British charity and art gallery

The Parasol Unit Foundation for Contemporary Art is a not-for-profit arts organisation established in 2004.

Parasol Unit was established by its director and curator, Ziba Ardalan. A graduate in the History of Art from Columbia University New York, Ardalan worked as Guest Curator at the Whitney Museum of American Art. She guest curated the exhibition 'Winslow Homer and the New England Coast' at the Whitney's Stamford, Ct.
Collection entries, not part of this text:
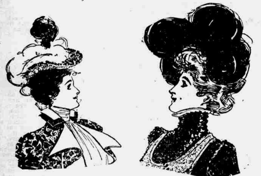
THE ERA OF STREAMERS HAS ARRIVED AND YOU SEE THEM OF ALL DESCRIPTIONS FROM HEAVY VELVET TO THE LIGHTEST OF TULLE, CHIFFON AND VEILING.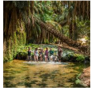
In the oasis of Terjit

After breakfast, we depart along the track to MHAIJRAT, a fishing village, where we meet the Imraguen women dedicated to drying fish and producing roe. We continue on to magnificent dunes jutting into the ocean, where we set up our tented camp. Picnic lunch en route. In the afternoon, time at leisure for a refreshing swim or a walk along the coast. Dinner at the camp prepared by our cook and overnight stay in a traditional Mauritanian tent (khaima) or igloo tent.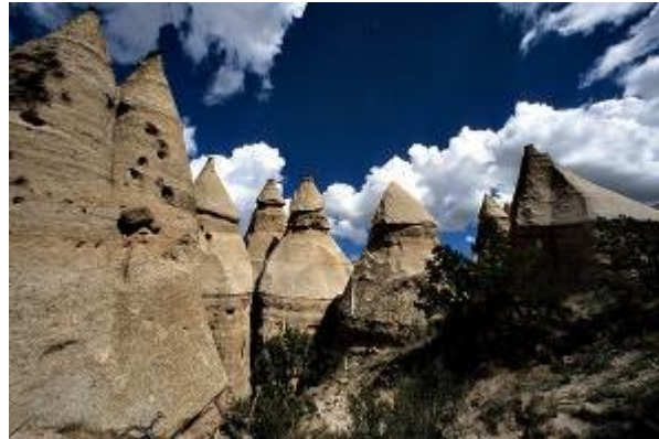
Tent Rocks & Sky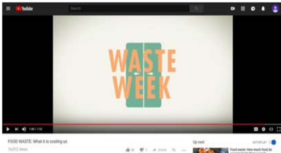
Fig. 3: About food waste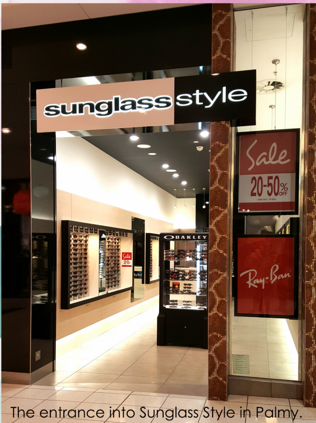
The entrance into Sunglass Style in Palmy.

The team at Palmy are a little family that works hard and keeps the store looking good.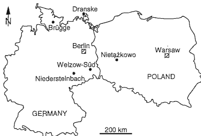
Fig. 2. Location of sites discussed in the text (dots)

ching for many tens of kilometres and reaching over 500 m depth in places (J. Ehlers et al. , 1984). N-channels occur as isolated features or they can create a network of arborescent or non-arborescent drainage systems. Such drainage systems develop from former distributed flow networks whose capacity was exceeded by meltwater surplus which could not have been accommodated by other, more static drainage modes anymore. As opposed to R-channels, the N-channels are not affected by glacier movement directly and can develop through down-cutting at one place even under highly mobile ice sheets. Discharge rates in N-channels can be occasionally extremely high, as indicated by reconstruction of some Pleistocene tunnel valleys where meltwater fluxes could have been in the range of few thousands m^3/s during short-lasting outburst phases (e.g. J. A. Piotrowski, 1994).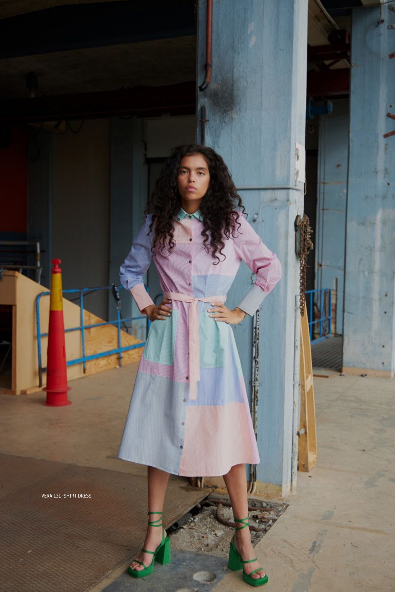
VERA 131 - SHIRT DRESS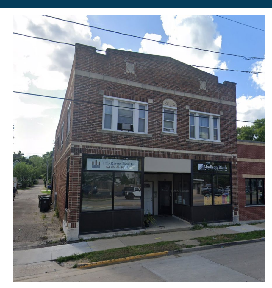
622 S. Park St.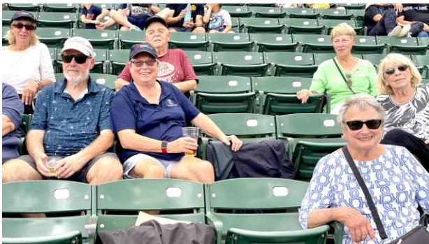
Most of the "Usual Suspects" of GVC!

It wasn't looking good; the forecast was mostly rain all during gametime. But the Weather Gods showed us some mercy and oh what a beautiful day it turned out to be. A smaller group than normal, but we were part of the 7,594 attendees at the game and had a fantastic time.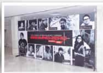
Vice Chancellor at World Congress on Education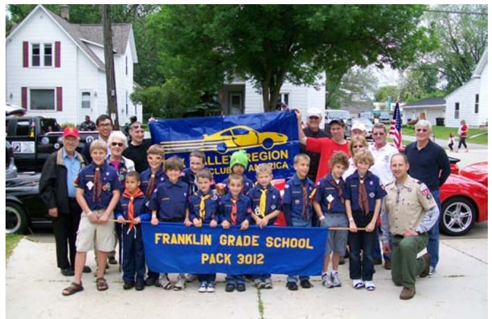
Boys Scouts and FVR for Flag Day parade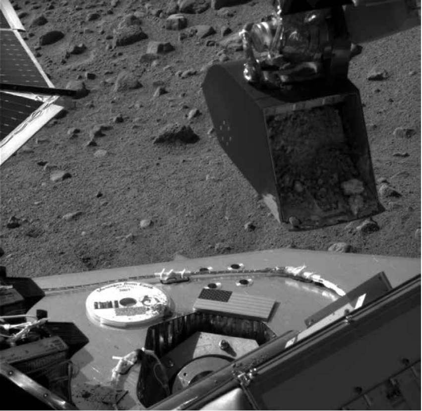
Figure Epilogue.1. NASA's Phoenix Mars Lander poised to deposit a soil sample into one of its ovens, where samples were heated to determine their chemical composition.

embedded within those signals. We could know that extraterrestrials are out there but have no direct way of knowing much about them.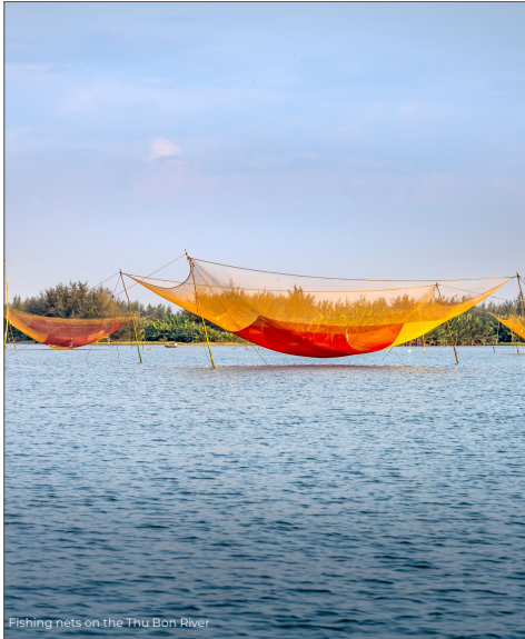
Fishing nets on the Thu Bon River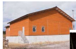
Reverse Osmosis (RO) Desalination Facility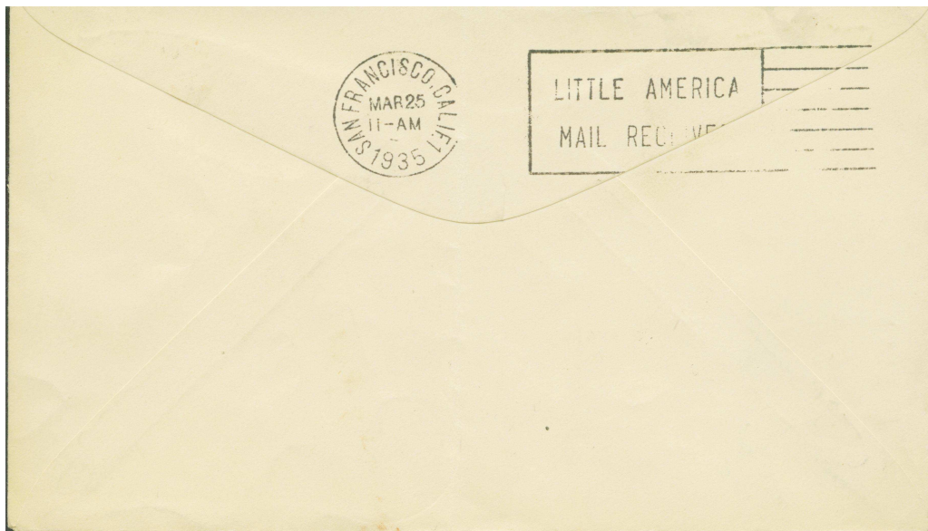
Figure 3. Byrd Delayed Mail Cover Reverse

I looked more closely at the postmark which was dated 8:30 PM on January 31, 1934 at Little America, Antarctica. I then turned the cover over (see Figure 3, Byrd Delayed Mail Cover Reverse) and found a receiving mark stating “LITTLE AMERICA MAIL RECEIVED” at 11 AM on March 25, 1935 at San Francisco, California. The evidence was clear, the letter had been delayed in mailing for over one year. Combined with the seemingly exotic destination, this was a very interesting and special cover. Only when I became an adult and was able to further research the cover using more than a Scott catalog did I find out that my cover was one of 56,000 (two-thirds of the total received) that were delayed in transit during the second Byrd expedition.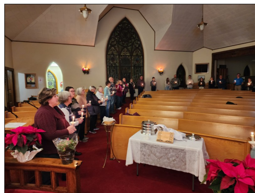
Our Savior's UMC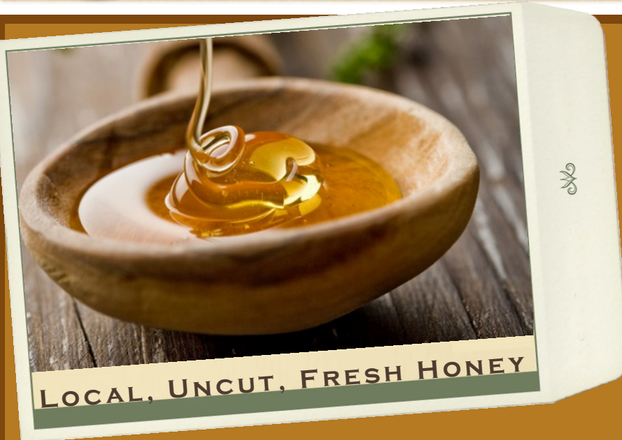
LOCAL, UNCUT, FRESH HONEY

Spring Del Rio Botanical honey is available in generous gallon jugs and is guaranteed not to be cut or mixed with sugar water or corn syrup.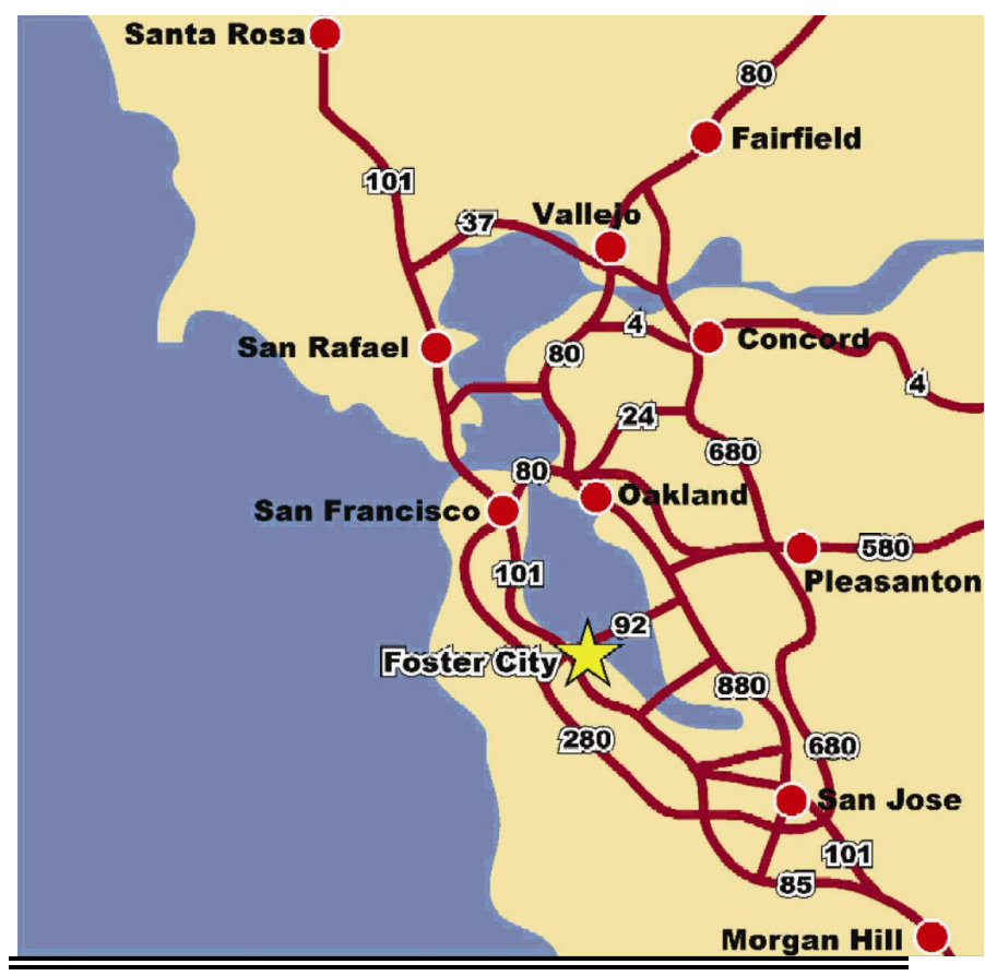
Figure 01: Regional Location Map

Figure 1 shows the regional location of Foster City. Table 2 indicates the travel time from Foster City to various points of interest.

Branch (1984). Ardalan became the first Director/Curator of New York City's Swiss Institute in 1987, before moving to Zurich, Switzerland, and then relocating to UK and founding Parasol Unit. She has curated numerous exhibitions and has also lectured and written about art. Prior to her career in art, Ardalan obtained a Ph.D. in physical chemistry.

== Gallery ==
The foundation previously owned a gallery space which was privately owned and was put at the disposal of the foundation at no charge. However, since 2020 the gallery has been closed.

==Selected exhibitions==
Exhibitions include The Performance in 2005 by Michaël Borremans, No Snow on the Broken Bridge in 2006 by Yang Fudong, Momentary Momentum: Animated Drawings with work by Francis Alÿs, William Kentridge, and David Shrigley, Fire Under Snow in 2008 by Darren Almond, Silent Warriors in 2010 by Adel Abdessemed, The Time That Remains in 2010 by David Claerbout and Morgenland in 2017 by Elger Esser.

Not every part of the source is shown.